FIG. 1 is a diagram showing a crosshead control device for a press according to an embodiment of the present invention.

FIG. 2 is a diagram showing the operation of one cycle of the cross head in the same manner.

FIG. 3 is a diagram showing the operation of one cycle of a conventional crosshead.

FIG. 4 is a diagram showing a conventional crosshead control device for a press.

[Explanation of symbols]

1: Press, 1a: Press frame, 1b: Crosshead, 1c: Main cylinder device, 1d: Lift cylinder device, 1e: Upper mold, 1f: Lower mold, 2: Main oil passage, 3: First
Branch oil passage (branch oil passage), 4: hydraulic pressure source, 5: open / close valve, 6:
Counter balance valve, 6a: Variable throttle valve, 7: Lift cylinder depressurizing valve, 8: Second branch oil passage, 9: Hydraulic pressure source switching valve, 10: Third branch oil passage, 11: Lift switching valve, 12 :
Main cylinder pressure relief valve, 12a: Variable throttle valve, 13:
First relief valve, 14: tank, 16: second relief valve, 20: material.

Claims (2)

[Claims] 1. A press frame, a crosshead that is vertically movable in the middle of the press frame, a main cylinder device that drives the crosshead to descend, a lift cylinder device that urges the crosshead to rise, and a main cylinder device.

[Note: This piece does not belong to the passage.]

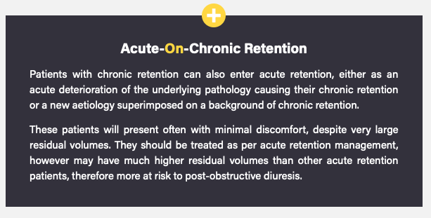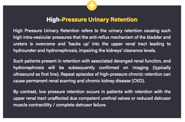- High-pressure urinary retention: keep in place until definitive treatment (e.g TURP) to prevent further retentions that could cause an AKI and eventually CKD

A differential that connects between the hydraulic source and the main cylinder device and the lift cylinder device is used by using a press that includes a main oil passage that connects the hydraulic source and a branch oil passage that connects the main oil passage and the lift cylinder device. Drain the main cylinder device with the main cylinder pressure release valve connected to the main oil passage during the depressurization process of the main cylinder device after sequentially performing the descending process, the pressurizing process and the pressurizing process on the crosshead in the circuit mode state. In addition, the lift cylinder device is drained through the lift cylinder pressure relief valve. Control method. 2. A press frame, a crosshead arranged to move up and down in the middle of the press frame, a main cylinder device for driving the crosshead downward, a lift cylinder device for urging the crosshead upward, and a main cylinder device. And a hydraulic source, a main oil passage connected to the main oil passage, a main cylinder pressure release valve having a communicating position for draining the main cylinder device and a shut-off position for shutting off the drain, the main oil passage and a lift cylinder device. A first branch oil passage for connecting to and a shutoff valve interposed in the first branch oil passage for switching between a differential circuit mode and a normal circuit mode, and a communication position connected to the lift cylinder device and draining the lift cylinder device. And a second branch oil passage provided with a lift cylinder pressure relief valve having a shutoff position for shutting off the drain. Crosshead controller.